Ob es zu Pheidippidis Zeiten wohl auch so heiss war? Wohl nicht, denn der Spartathlon 2012 wird als der heisseste in die Geschichte eingehen. Kilometer um Kilometer kletterte die Temperatur nach oben und näherte sich im Laufe des Tages gnadenlos der 40 Grad Marke – im Schatten! Trotz der Wärme schon in der Früh kam ich zunächst gut voran. Durch Athen wählte ich ein angemessenes Tempo. Es lief gut in den Beinen, nicht jedoch im Kopf. Schon vor dem Start merkte ich, dass meine Psyche an diesem Tag nicht recht bei der Sache war. Ein Lauf wie dieser ist jedoch von Anbeginn an eine Kopfsache und die persönliche Einstellung zum Lauf wird von Kilometer zu Kilometer bedeutungsvoller. Bereits nach knappen vier Stunden am Asphalt, entlang der wunderbaren Küstenstrasse, wollte ich den Wettkampf beenden, obwohl ich sehr gut im Rennen lag und die Checkpoints weit vor den vorgegebenen Zeitlimits passierte. Ich wusste, dass einige meiner Freunde hinter mir waren und entschied mich, auf sie zu warten. Gemeinsam liefen wir weiter, gemeinsam litten wir enorm unter der Hitze und gemeinsam war uns an diesem Tag auch, dass wir absolute Motivationsprobleme hatten. Nach sieben Stunden und bei einer Aussentemperatur von 37 Grad brachen wir das Rennen ab. Der Kopf spielte nicht mehr mit und weil dem so war, hielt sich die Enttäuschung über den Abbruch sogar in Grenzen. Wir sattelten auf einen Pick up um und ließen uns zum nächsten Checkpoint fahren, den nur noch 180 Läufer passierten. Der Spartathlon 2012 bzw. die Temperatur zollte ihren Tribut. Unser Spartathlon endete in einem wunderbaren Hotel, direkt am Meer.

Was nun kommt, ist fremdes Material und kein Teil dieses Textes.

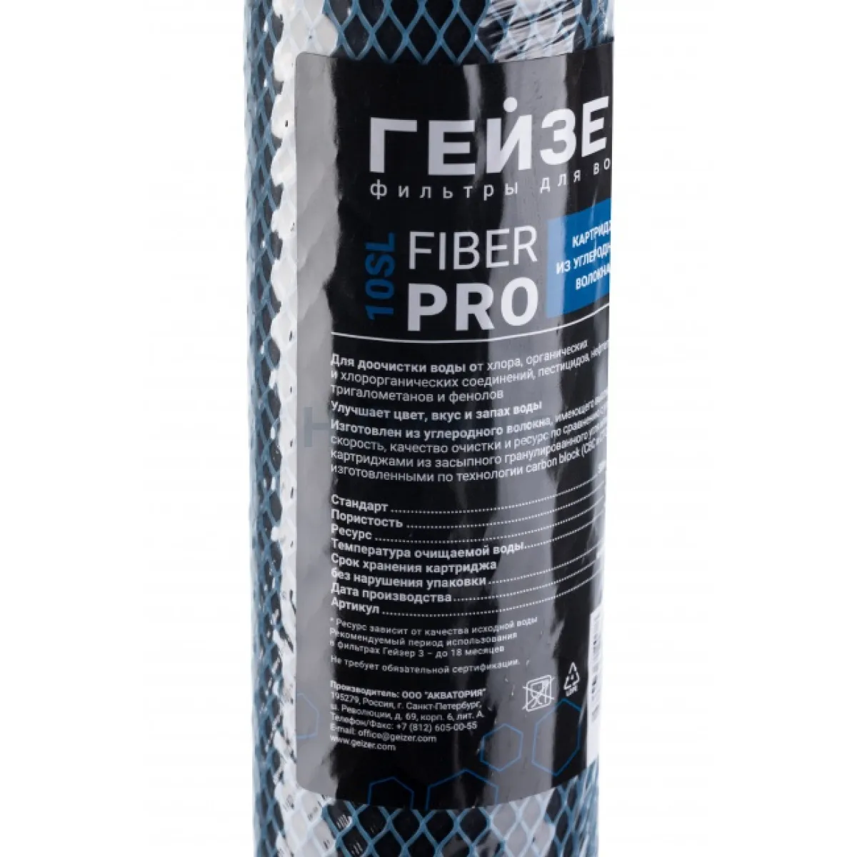 Fiber Pro 10SL – картридж из углеродного волокна. Предназначен для доочистки воды от хлора, органических и хлорорганических соединений, пестицидов, нефтепродуктов, тригалометанов и фенолов. Улучшает органолептические показатели – цвет, вкус и запах воды. Изготовлен из углеродного волокна, имеющего более высокую скорость, качество очистки и ресурс по сравнению с угольными картриджами из засыпного гранулированного угля или изготовленными по технологии Carbon Block (СВС и СТО).
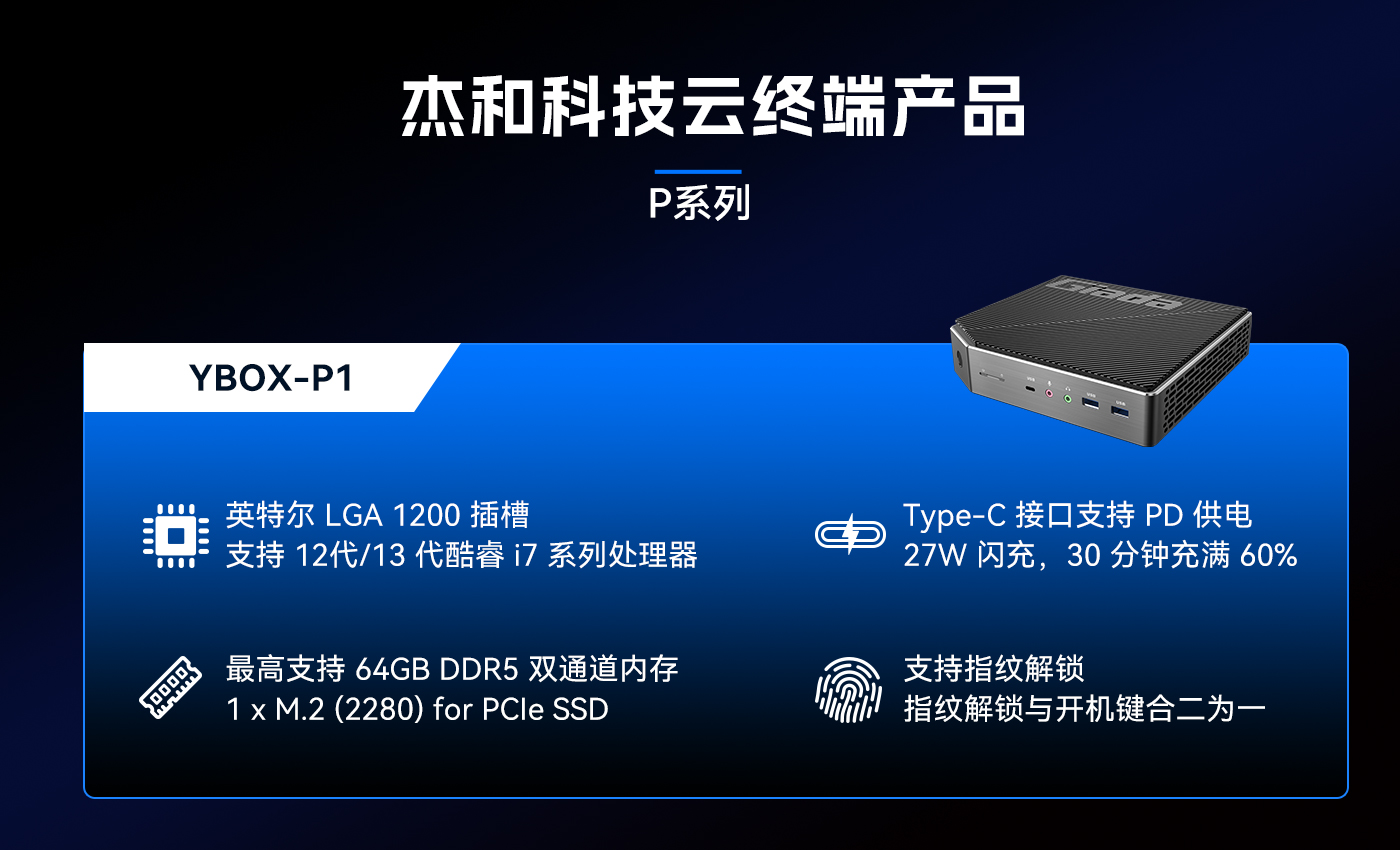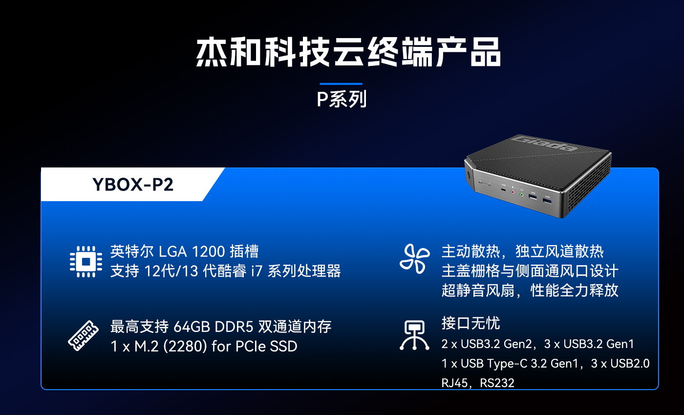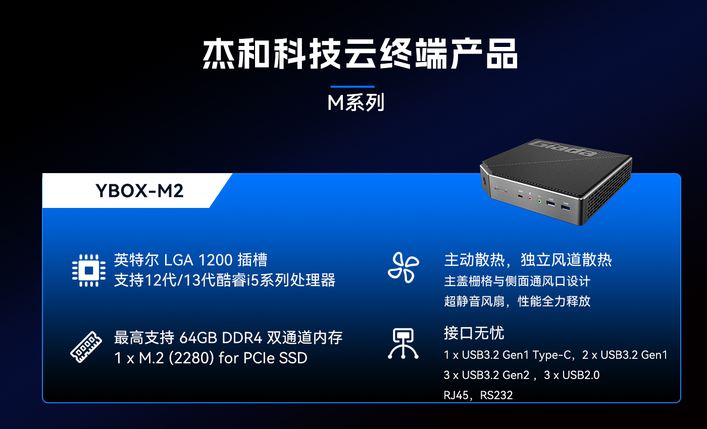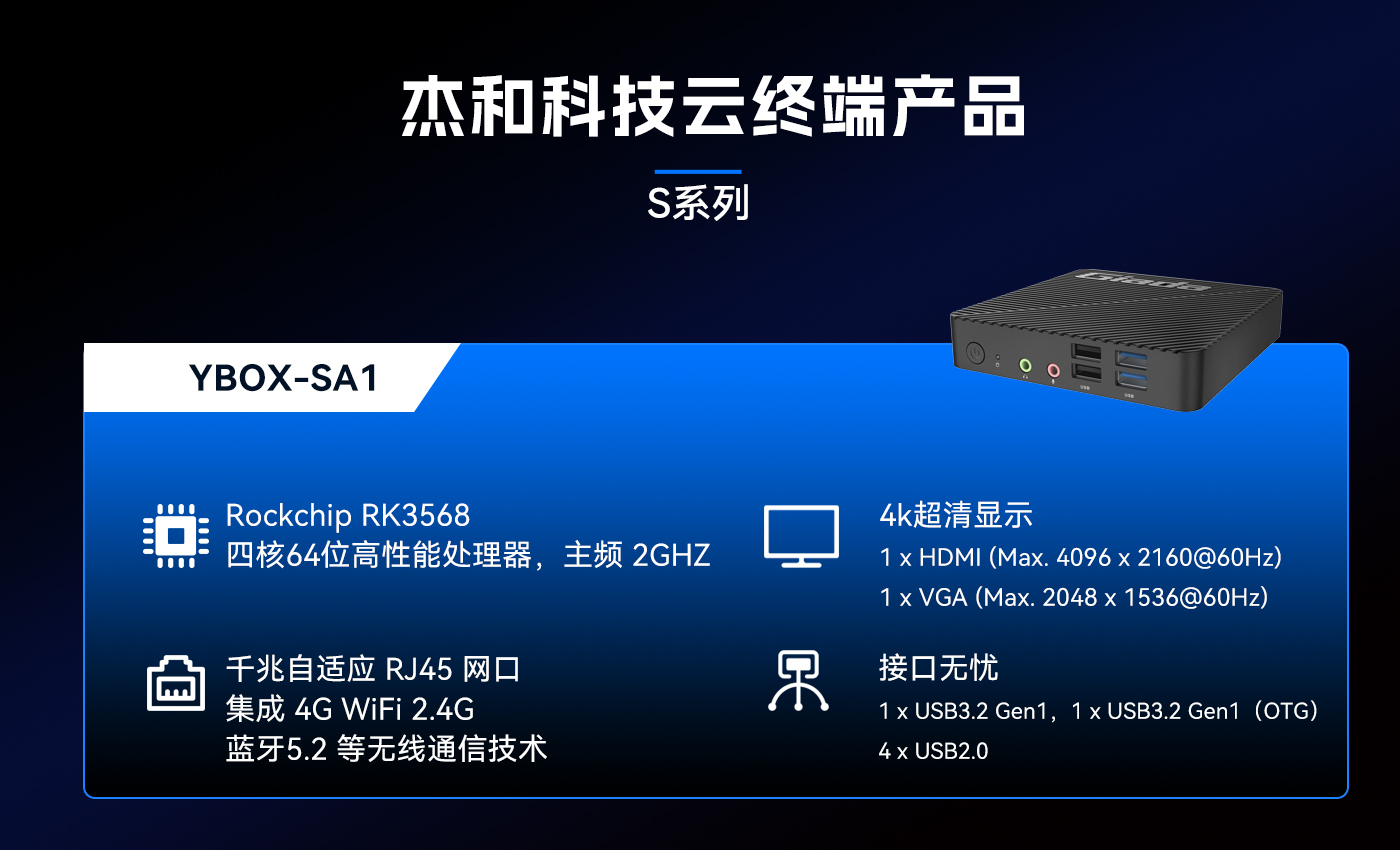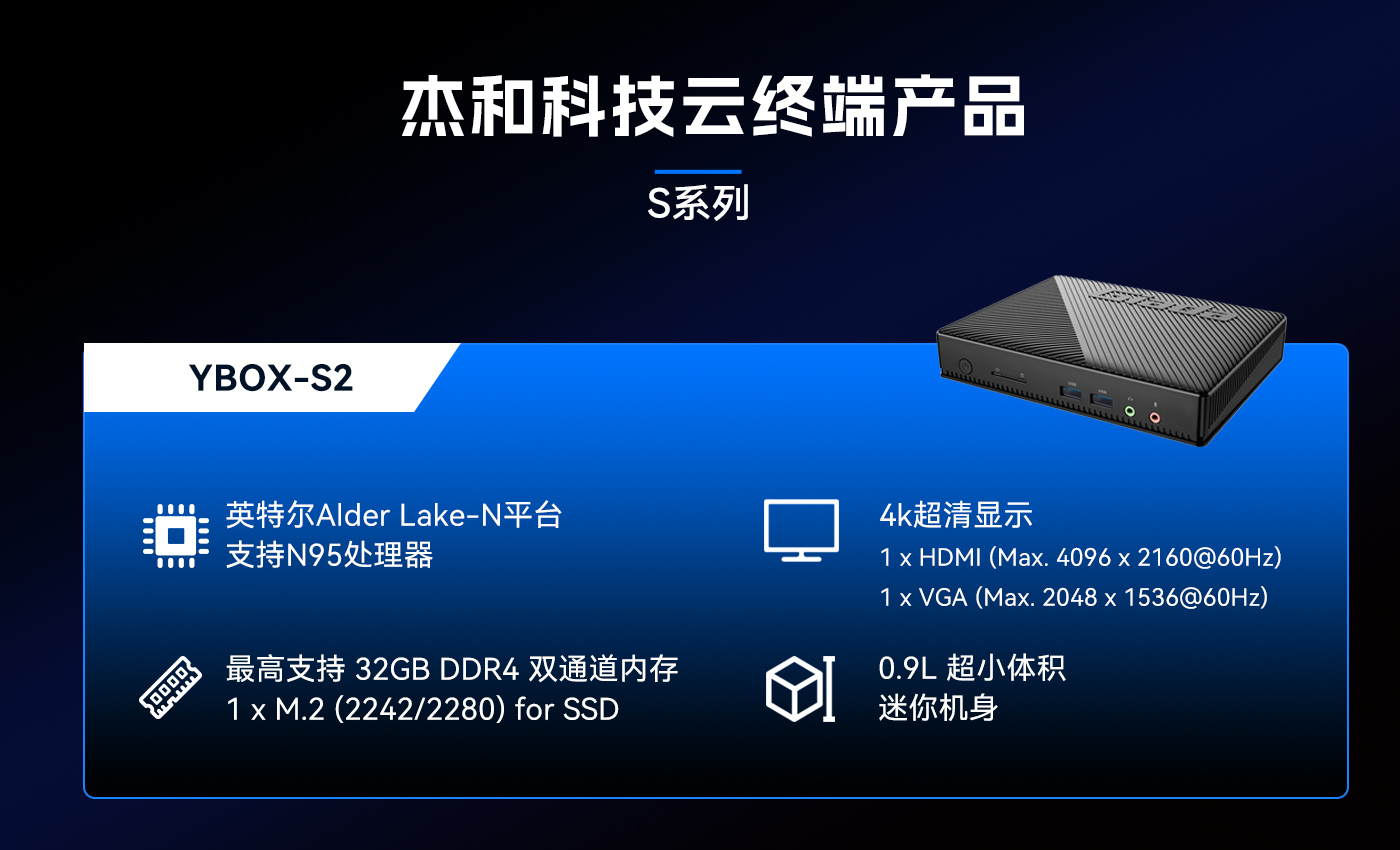 杰和科技云终端产品根据应用场景,分成了YBOX系列和VT系列。

Dort erholten wir uns, bis zum Zieleinlauf jener 72 Athleten, die den Spartathlon 2012 beenden konnten. Natürlich waren wir vor Ort in Sparta und feuerten die tapferen Läufer an, die trotz der widrigen Umstände ins Ziel kamen, unter ihnen Markus Thallmann, der als gesamt Dritter finishte. Dass die Griechen stolz auf ihren Spartathlon sind, zeigte sich deutlich bei den Siegerehrungen. Alle wurden gewürdigt, egal ob im Ziel oder vorzeitig ausgeschieden, alle feierten mit, alle genossen die Stimmung rund um die Siegerehrung, die wahrlich zelebriert wurde. Auch Österreichs Botschafterin in Griechenland nahm an der Schlussveranstaltung teil und sie lud uns ein, im nächsten Jahr wieder zu kommen. Ein verlockendes Angebot und ich weiss nicht, ob ich dem widerstehen kann.

 

Spartathlon – die Zweite?

 

 

Natürlich ist ein abgebrochener Lauf immer etwas, was ein wenig im Magen liegt. In dem Sinne, dass ein Werk unvollendet bleibt. Natürlich bin ich stolz, die Qualifikation zum Spartathlon 2012 geschafft zu haben und am Start gewesen zu sein. Natürlich wäre es aber auch schön, durch den fahnen- und statuengeschmückten, von Menschen gesäumten Zielkanal in Sparta zu rennen. Ich werde nachdenken und in mich gehen, ob ich das Abenteuer Spartathlon 2013 angehen werde. Bis März 2013 habe ich Zeit mit meiner Entscheidung und dann werde ich wissen, ob ich es nochmals mit Pheidippidis aufnehme und mich auf den Weg von Athen nach Sparta mache – auch wenn ich keine wie immer tragende Botschaft kundzutun habe so wie damals der erste Spartathlon-Finisher unter uns.